The best course of action, the safest one for Canada and the United States, is a policy of assertiveness, not aggression, but assertiveness. Assertiveness means being engaged, as Professor Legrenzi said. But it means not only being engaged diplomatically but the smart use of military force at the right time to push things in a direction that leads to a final settlement.
This is not the first time or probably the last time that the United States or Canada or Europe or its allies would be involved in such an effort. It is complex stuff but it is time well spent because without it, as Professor Legrenzi mentioned, we are not going to be lined up with our long-term interests.
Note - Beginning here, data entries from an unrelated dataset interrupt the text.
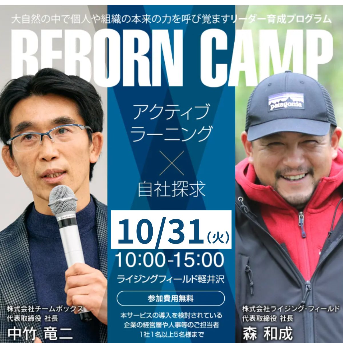 本日より、10/31(火)開催の大自然の中で組織本来の力を呼び覚ますリーダー育成プログラム「Reborn Camp 無料体験会」の予約を開始しました。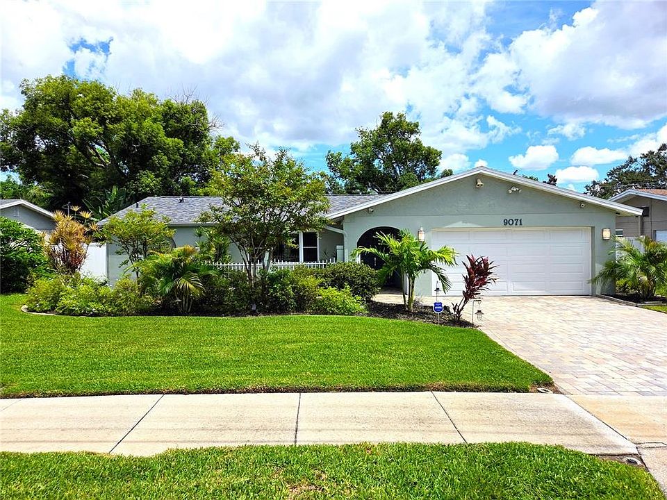 Beautiful home in Seminole available for Annual Lease. This charming home has been updated throughout and offers a lot of curb appeal and a desirable location near great schools, shopping and more. The bright and spacious home features tile floors, vaulted ceilings and lots of open welcoming space. The open concept with Living Room and separate Dining Room center around the handsome Kitchen with light wood cabinets, stone counters, stainless appliances and plenty of storage and prep space. The split floor plan features three bedrooms with the main bedroom on one side featuring a custom designed walk-in closet and en-suite bathroom. The other two bedrooms located on the opposite side share a spacious bathroom. Enjoy the lovely fenced yard with tropical landscaping and pavered patio with beautiful arbor to entertain family and friends, the pavered drive and two car garage. A new roof was installed in 2023 and also a new HVAC. Additional upgrades include hurricane-resistant new garage door, and front door and newer windows. The 2-car garage includes a washer, dryer, work bench and electric car charging outlet. There are two sheds with electricity and one has AC. Near Seminole City, beaches, shops and restaurants. Security deposit one month rent. Application fee $65 per adult, tenant processing fee $100. Two pets up to 35 lbs with owner approval. Renters to pay renters insurance and benefits package at $45 month. Rent includes lawn care.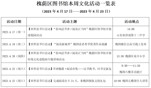 活动预告|槐荫区图书馆世界读书日活动上新啦!(4月17日-4月23日)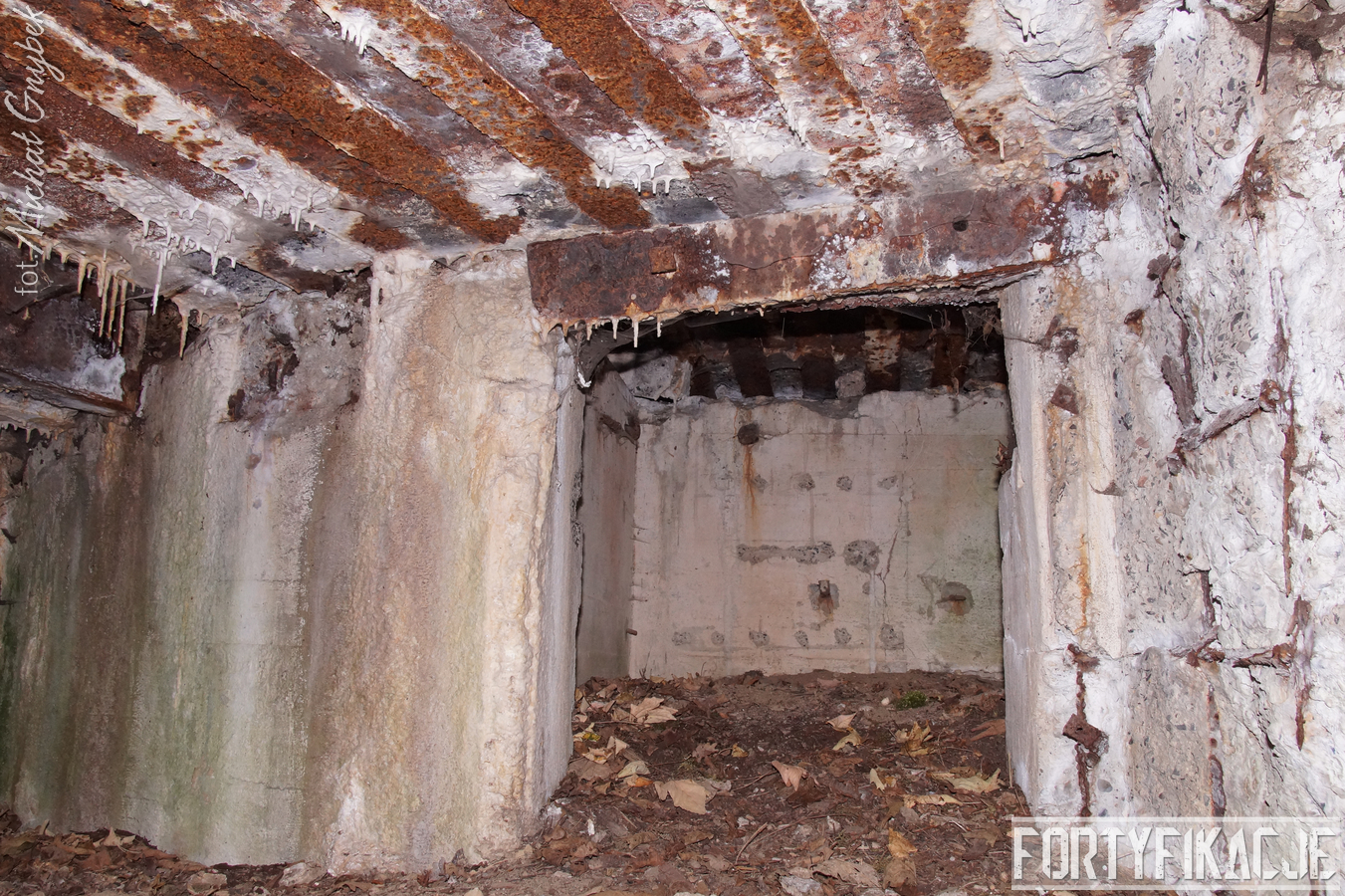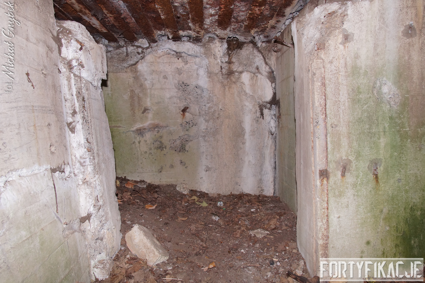 Do każdej z izb bojowych dostać się można było osobnym przedsionkiem. Oba przedsionki pełniły również rolę śluzy. Co ciekawe projektanci zapewnili również komunikację pomiędzy izbami bojowymi: W ścianie je oddzielającej wykonano otwór zamykany z obu stron drzwiami. Jak wskazuje K. Motyl ta swoista śluza pełniła prawdopodobnie również rolę podręcznego magazynu amunicyjnego.

Instead, we'll make ourselves more and more susceptible to anything from terrorist attacks to the effects of a regionalized sectarian war on energy prices and economic damage. Beyond the moral example that showed that to stand aside while so many people were slaughtered by their supposedly legitimate governments and we said we could do relatively little, we could have done much more.
I think probably the worst incident and the most shameful one was the non-strike incident of September 2013 when the United States laid down a red line in Syria concerning the use of chemical weapons and then walked away from it. I don't discount the fact that a large swath of Syria's chemical weapons had been removed. But a lot still remains unaccounted for and in the end, it didn't settle the conflict. It didn't necessarily make it safer for Syrians. Instead the Assad regime was given other options to try to blast their way out of this uprising that so far has proven the country's and the regime's largest challenge to date.